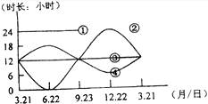 ⑶ A与B相比,自转线速度较大的是 ,该日正午太阳高度较大的是 ,该日白昼时间较长的是 。(3分)
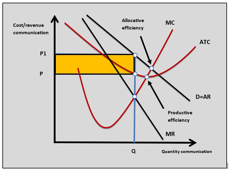 - A diagram to show how a monopoly fails to achieve productive and allocative efficiency. The diagram opposite shows how productive and allocative efficiency is not achieved in the drugs market.
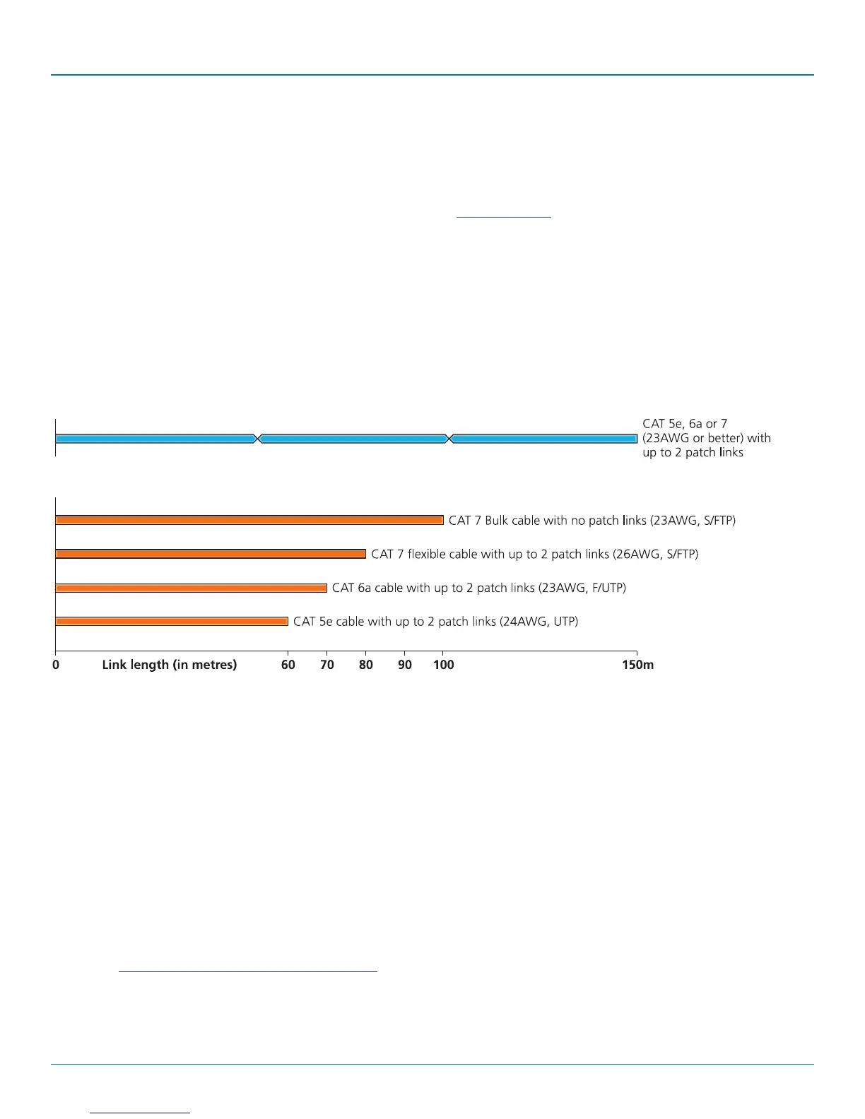 For best results, patch cables should be of type CAT 7a and be less than 2 meters in length. If patch cables are greater than 2
______________________________
= Task goal =
Starting with the line that contains "- A diagram", repeat each line exactly through the last line of the data above, and nothing more; the pictures stay out.

= Response to this exercise =
 - A diagram to show how a monopoly fails to achieve productive and allocative efficiency. The diagram opposite shows how productive and allocative efficiency is not achieved in the drugs market.
 For best results, patch cables should be of type CAT 7a and be less than 2 meters in length. If patch cables are greater than 2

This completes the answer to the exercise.